American singer-songwriter

Marc Douglas Berardo is an American singer-songwriter. He was born in Port Chester, New York, and raised in Rye, New York. He currently resides in Westerly, Rhode Island.

Berardo's songwriting has been compared to that of John Prine, James Taylor and Jackson Browne and an acoustic Bruce Springsteen. Berardo has been referred to as a possessing a "lonesome, clear voice easily carries an aching beauty" as well displaying musicianship with "fluid, melodic string arrangements based on his acoustic guitar". About Berardo's 2013 release, Whalebone, John Apice wrote in No Depression, "The performances are sincere, fluid, charming and above all gripping".

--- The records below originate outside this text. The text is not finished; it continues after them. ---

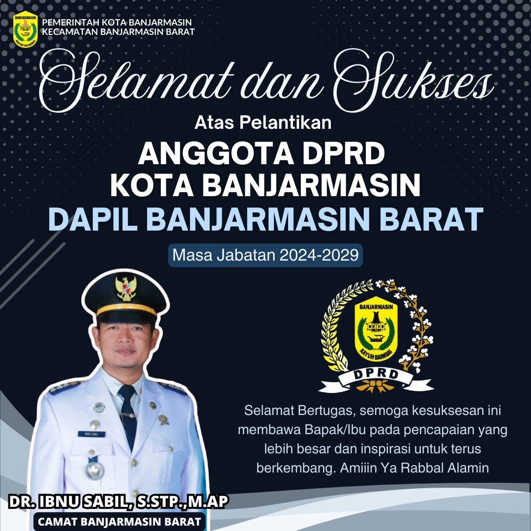 Camat Banjarmasin Barat Mengucapkan Selamat dan Sukses Atas Pelantikan Anggota DPRD Kota Banjarmasin dan Anggota DPRD Kota Banjarmasin Dapil Banjarmasin Barat Masa Jabatan 2024 - 2029.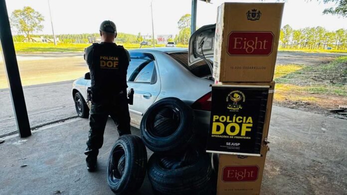 Policiais militares do DOF (Departamento de Operações de Fronteira) apreenderam um veículo GM Prisma carregado com 20 pneus e 150 pacotes de cigarros. Na ação ninguém foi preso.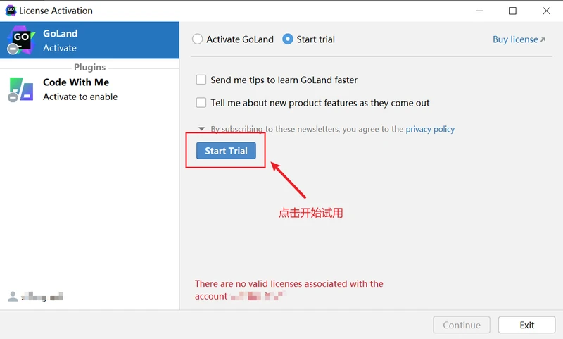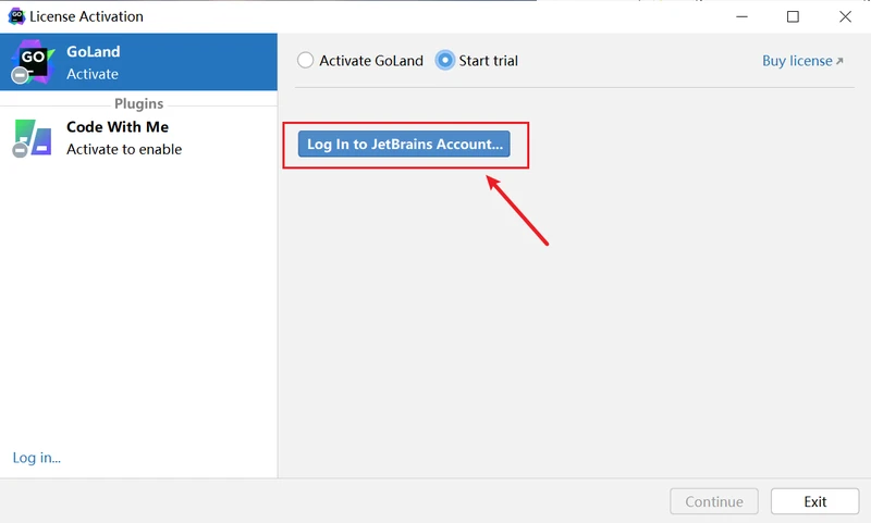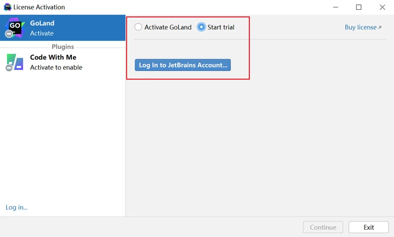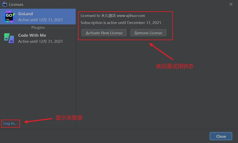 重启之后,我们再次点击 中的 ,会显示你并没有登录,但是 GoLand 依旧处于试用状态!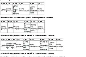 I ricercatori del Lab sono andati poi a verificare le opinioni circa l'equità dei percorsi di assunzione e di avanzamento di carriera. E qui risulta evidente la discriminazione percepita nei confronti di alcune caratteristiche sociali. Tra gli uomini, le probabilità di essere assunti è ritenuta maggiore se si è giovani (un valore medio di 6,06 in una scala da 1 a 7), mentre scende se si è stranieri (5,36), omosessuali (5,35), disabili (4,73) o anziani (3,53). Lo stesso vale per le donne che, peraltro, raggiungono valori in genere più bassi degli uomini, a parità di caratteristiche. Se la probabilità per le donne è 5,56, donne omosessuali o straniere oscillano intorno al 5,28, mentre per le donne anziane la probabilità crolla a 3,41.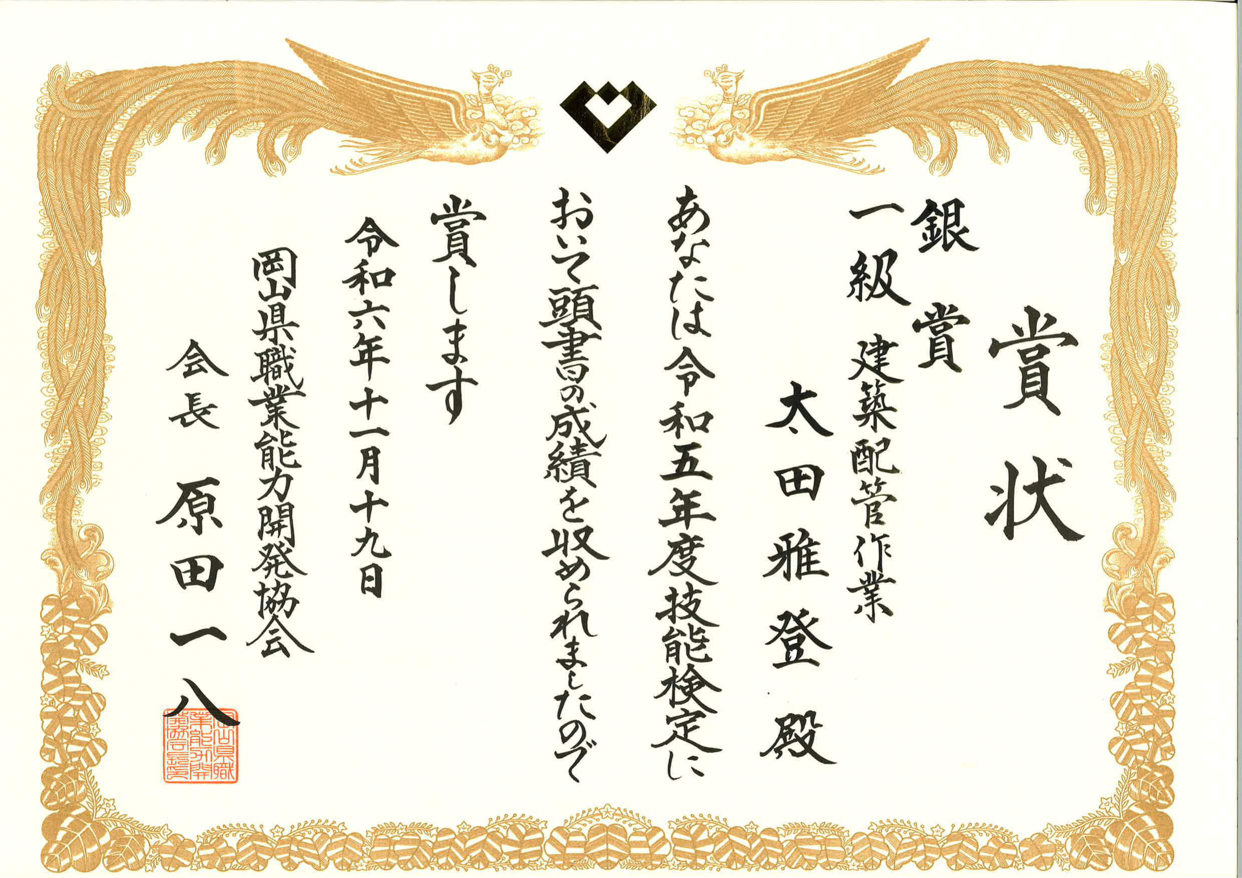 令和五年度 一級建築配管作業 太田 雅登くんが銀賞受賞致しました。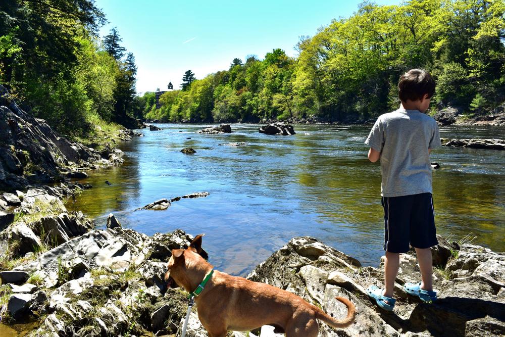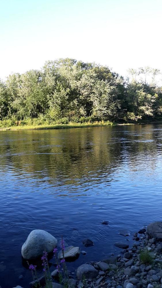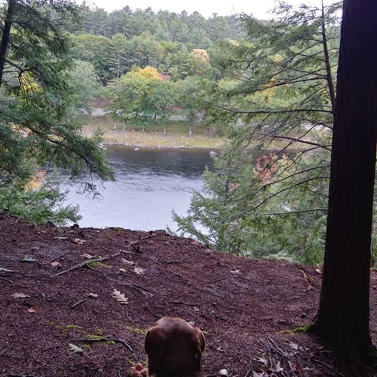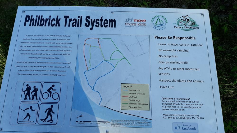 The blue-blazed Philbrick Trail begins near the perimeter of Skowhegan's water treatment plant, just across the road from the Debe Park River Walk trailhead. After following the fenceline of the treatment plant for approximately one-hundred yards, the trail breaks into the woods and over a small bridge into a hemlock forest. The trail splits once inside the woods and winds through the woods in a network of interconnected loops. These trails pass along the banks of the Kennebec and around and through several ravines that slope down toward the river. At low water, large stretches of the riverbanks are lined with sandy beaches and views of calm waters after they exit from the sharp gorge in Skowhegan's center.

Videos from singles released in 2022 and 2023, The Hard Part (2022), Waiting on A Brand New Day (2022), and Letting You Blow Away (2023) were premiered by Americana Highways.

== Recognition ==

Berardo has been recognized in national song contests and showcases. He was awarded the 2014 Michael Terry People's Choice Award at the Wildflower! Arts and Music Festival Performing Songwriter Contest.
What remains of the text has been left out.